A nuanced picture of social cohesion
Vaccination programmes are often seen as the paradigmatic case of solidarity. But how do people actually feel about, and experience, solidarity and social cohesion in the country? At the beginning of the COVID-19 crisis in March 2020, 62% felt that social cohesion had increased over the previous week. Since then, this extremely positive assessment has continued to decline with each wave of the survey. Currently, only 14 % perceive a further increase in social cohesion.
This result could mean a stagnation, or a decrease of perceived social cohesion. Evidence from our qualitative partner study indicates that most people still adhere to measures such as wearing face masks or keeping a physical distance to others primarily to protect others and not themselves. At the same time, however, in our own survey, over the last months, fewer and fewer respondents agreed with the statements that “we’re all giving our best to overcome the crisis’, ‘most people agree that mutual support is important’, and ‘we’re working together to protect the most vulnerable’: While roughly two thirds had agreed with these statements in spring 2020, support now lies between 24 and 41%. A reason for this nuanced and partly contradictory picture may be that social cohesion is perceived to have developed differently at different levels, from person-to-person support to solidarity between groups to institutional solidarity.
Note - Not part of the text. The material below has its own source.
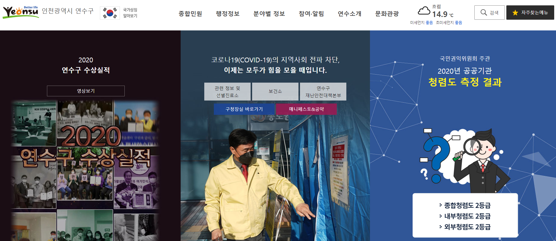 연수구청 홈페이지의 메인 화면입니다. 많은 업무를 수행하는 구청이기 때문에 아주 다양한 메뉴들을 확인하실 수 있습니다. 주요 메뉴로는 종합민원, 행정정보, 분야별정보, 참여/알림, 연수소개, 문화관광의 메뉴가 있습니다.

In terms of institutional solidarity, with the lockdown still ongoing, it is too early to know how the closure of many businesses in November and December 2020 will affect employees and employers. From the first lock-down in spring we know that about 30% of our survey participants lost their job or part of their income. The majority received pay-outs for short-time work arrangements negotiated between the social partners. In fact, five out of six employees who were unable to continue working during the lockdown were able to take advantage of the short-time work scheme. Satisfaction with the support they received decreased over time in all groups (also among entrepreneurs who received pay-outs from hardship funds, or loans).
A consuming crisis
Our findings suggest that the COVID-19 crisis may change patterns of consumption in the longer term. In October, our qualitative partner study found frequent references to people who said they had lost their ‘appetite’ or ‘gusto’ to shop; that during the crisis they had realised that many things they used to buy they do not really need. Also in our own data from the Austrian Corona Panel Project we found that seven out of ten people wanted to reduce their individual consumption — and this was independent of income losses. Only one in five said that they were willing to support economic recovery through their own individual consumption.